In the midst of all this complexity, however, it’s easy to miss an aspect of fishery management that is relatively simple – the harvesting plan. Whether planning the harvest of a single species or using a more integrated ecosystem approach, it’s a matter of translating the scientific knowledge into actual practice. The purpose is to ensure that fish harvesters know what they can and cannot do.

Perhaps surprisingly, the harvesting plan itself can be quite simple – a set of straightforward rules that answer the following four questions:

  • Who can fish commercially?
  • What gear can they use (eg. hook and line, traps or pots, nets, trawls)?
  • Where can they fish (fishing zones or areas)?
  • When do the seasons open and close?

However, that is not the way DFO does harvest planning. For almost all our fisheries, the Department’s plans are based primarily on a fifth question: “How much fish should be caught?” But answering that fifth question is immensely more complicated than answering the first four.

The current system, Quota-Based Management (QBM), attempts to quantify allowable catches and use the resulting quotas to plan the harvest. However, this approach introduces complexities and contradictions which actually interfere with sustainable fishery management.

Under QBM, managers combine data from previous landings and estimates from studies and sampling, then use them to produce stock assessments, define numerical reference points and make projections. Although this approach tries to take into account the many diverse and ever-changing variables inherent in the ocean’s ecology, it is simply impossible to do so with the level of accuracy required to plan for sustainable harvesting.

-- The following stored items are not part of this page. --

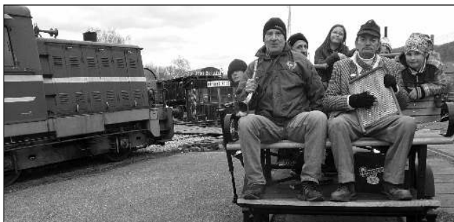
OTEVŘENO. Muzeum Výtopna Zdice bylo po zimní přestávce znovu otevřeno 2. dubna. Expozice historických kolejových i silničních vozidel přilákala navzdory nevlídnému počasí stovky návštěvníků. Svězt se mj. mohli na ručně poháněné drezině.

13. 4. 17.00 a 20. 4. 20.00 POSLEDNÍ ZÁVOD 13. 3. 20.00 EXTASE 14. 4. 17.00 PŘÍŠERÁKOVI 2 14. 4. - 16. 4. a 27. 4. 20.00 (St 17.00) VYŠEHRAD: FYLM 15. 4. 17.00 PROMĚNA 16. 4. a 22. 4. 17.00 ZLOUNI 17. 4. 17.00 PÁSMO FILMŮ HERMÍNÝ TÝRLOVÉ 17. 4. 20.00 TÁTOVA VOLHA - promítání v ukrajinštině 18. 4. 17.00 JEŽEK SONIC 2 20. 4. 17.00 MEKY 21. 4. 17.00 HAVEL 21. 4. - 23. 4. 20.00 PO ČEM MUŽI TOUŽÍ 2 23. 4. 17.00 MIMI A LÍZA: ZAHRADA 24. 4. 17.00 MÝŠÍ PATŘÍ DO NEBE - promítání v ukrajinštině 24. 4. 20.00 HASTRMAN - promítání v ukrajinštině
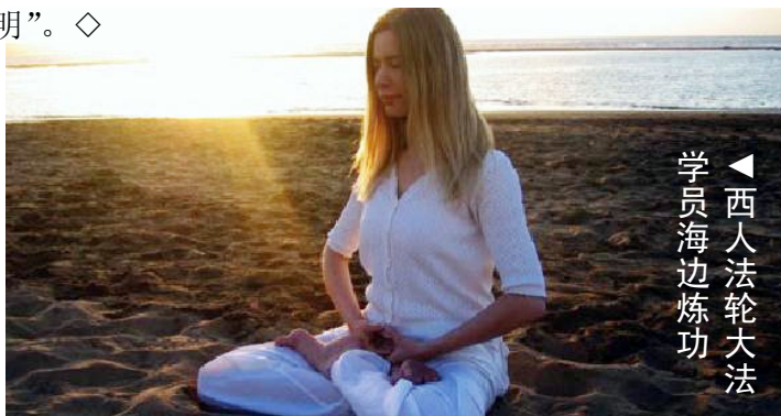
西人法轮大法 学员海边炼功

学法后按“真善忍”要求做，我自私的个性有很明显的改变，同事都说我整个人变了，个性柔顺、不争、不计较、也不去招惹是非了。随着心性的提高，单位、家庭和周围的气氛也跟着随之变的柔和，这让我体悟到了师父说的“佛光普照、礼义圆明”。◇
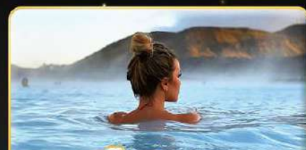
แช่น้ำแร่สุขภาพ
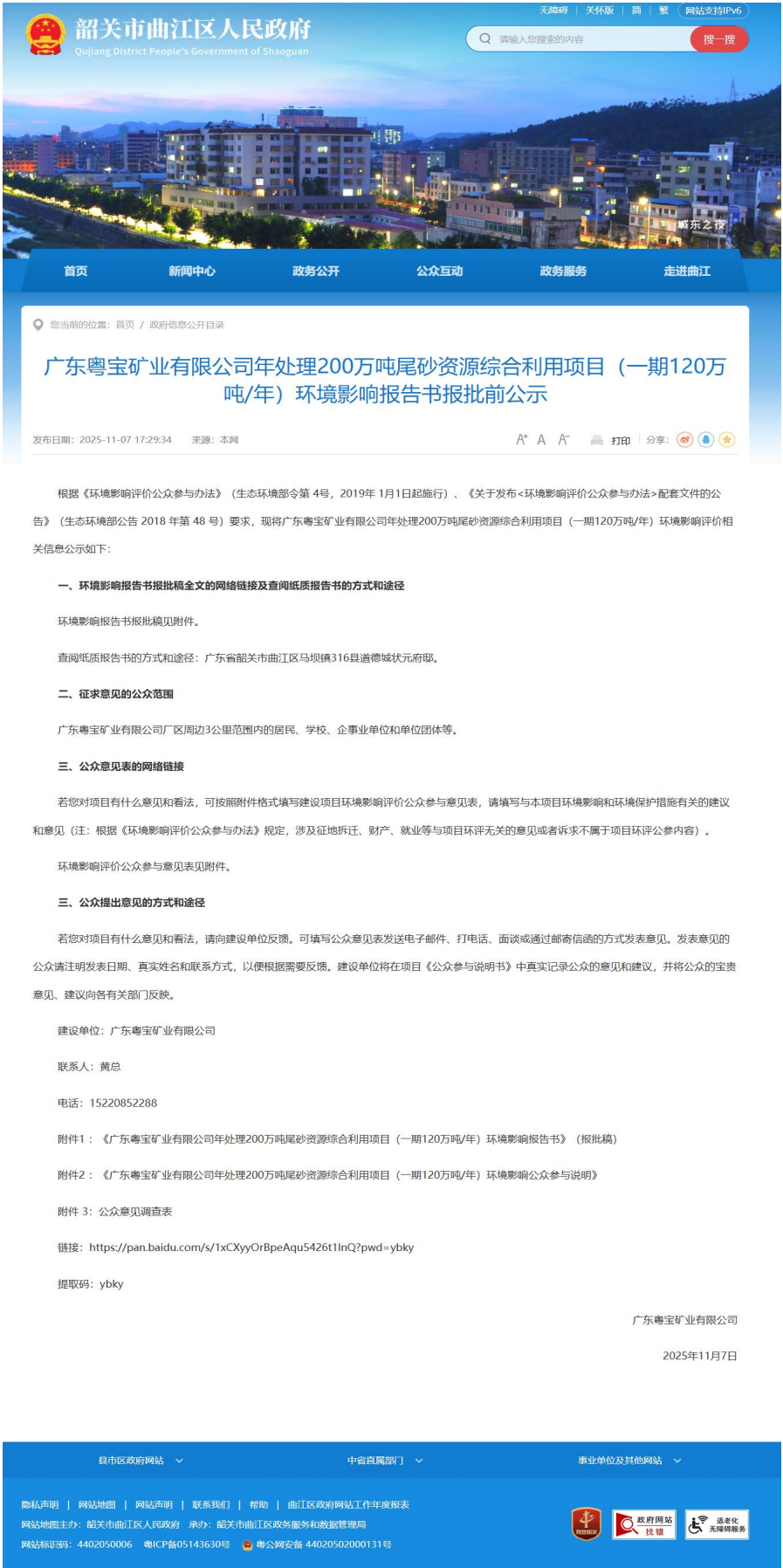
图 6.2-1 报批前公示截图

Moreover, by making pre-defined maximum catch numbers the deciding factor in harvest planning, QBM prevents us from responding appropriately and in real time to the reality of the fish stock. For example, if the existing stock is in poor condition due to low food supply, catching more of them can actually help the remaining fish survive, so they can thrive and replenish the stock into the future. A quota that artificially limits the catch does the opposite.  

What is needed is a management system that can identify and respond to what is actually happening in the water. In fact, such a system – effort-based management (EBM) – is used successfully in one of our most important fisheries. For over 90 years, our lobster fishery has been remarkably successful in economic, ecological and social terms – something we should be seeking to achieve for all our harvested species. And it is managed without quotas (output controls), relying instead on regulating fishing effort (input controls.)  

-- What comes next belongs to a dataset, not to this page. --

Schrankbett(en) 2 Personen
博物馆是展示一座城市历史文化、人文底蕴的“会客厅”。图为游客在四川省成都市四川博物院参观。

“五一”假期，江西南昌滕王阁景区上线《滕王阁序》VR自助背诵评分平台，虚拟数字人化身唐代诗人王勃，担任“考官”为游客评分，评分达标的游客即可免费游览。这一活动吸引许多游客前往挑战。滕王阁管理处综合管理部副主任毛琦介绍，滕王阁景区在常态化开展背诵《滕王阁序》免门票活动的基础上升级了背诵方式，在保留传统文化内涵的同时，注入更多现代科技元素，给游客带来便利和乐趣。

EBM makes harvest planning relatively simple. Instead of making the allowable catch and the quotas derived from them the overriding priority, managers focus on the practical tools for ensuring a harvest that maximizes both sustainability and net economic returns. Real-time data and the latest scientific research are used to define answers to the first four questions: who can fish, how can they fish, where can they fish and when can they fish? Those answers constitute the harvesting plan in each case.

In a few fisheries, there may be reasons to use some output controls such as trip limits or even seasonal limits, especially during a period of transition to EBM. But the principal way we would regulate harvesting would be by controlling effort.

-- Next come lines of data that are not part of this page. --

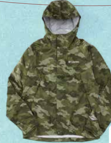
ワバッシュジャケット (オムニテック防水) 15,120円

完全防水のパーカーという、なんとなくちょっとゴワゴワした感じの固めの素材を想像するかもしれませんが、これは柔らかくて動きがとれど楽なところがいい! タウンもスポーツシーンでもどちらでも使える便利なアイテムです。毎日、ついつい手にとってしまうお気に入りの1枚が、プレゼントだったら嬉しい! 小さい収納袋が付いているので、気軽に持ち歩ける場所もおすすめです。
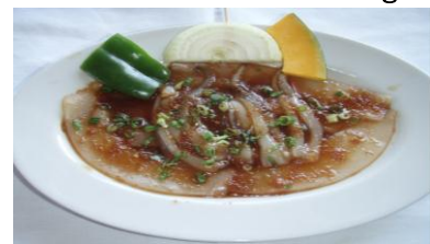
イカ Marinated Squid
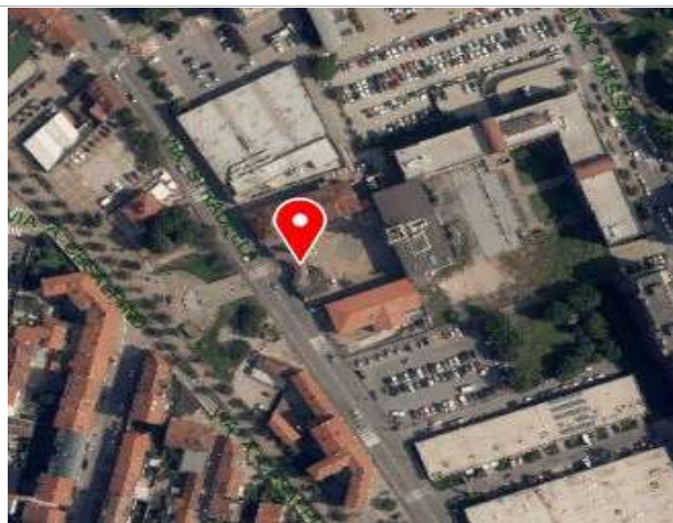
Ortofoto della Città di Torino, 2018
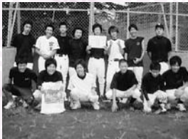
▲Aブロック優勝 ルーキーズ

As explained in my proposal, Changing Course – A New Direction for Canadian Fisheries, there would be many advantages to using effort instead of quotas as the management basis for most species. Stocks would be more sustainable: regulating effort to curtail the harvest of large, fecund fish would minimize damage to the stock’s reproductive capacity. Harvests would be optimized, averting both overfishing and underfishing, and minimizing bycatch. Quality would improve and higher landed value would result. Better rules known well in advance would benefit both harvesters and processors.

No management system can be perfect, but some systems are better than others. Managing by effort will make harvest planning both simpler and more effective than the current system of quotas, and the result will a more sustainable fishery overall.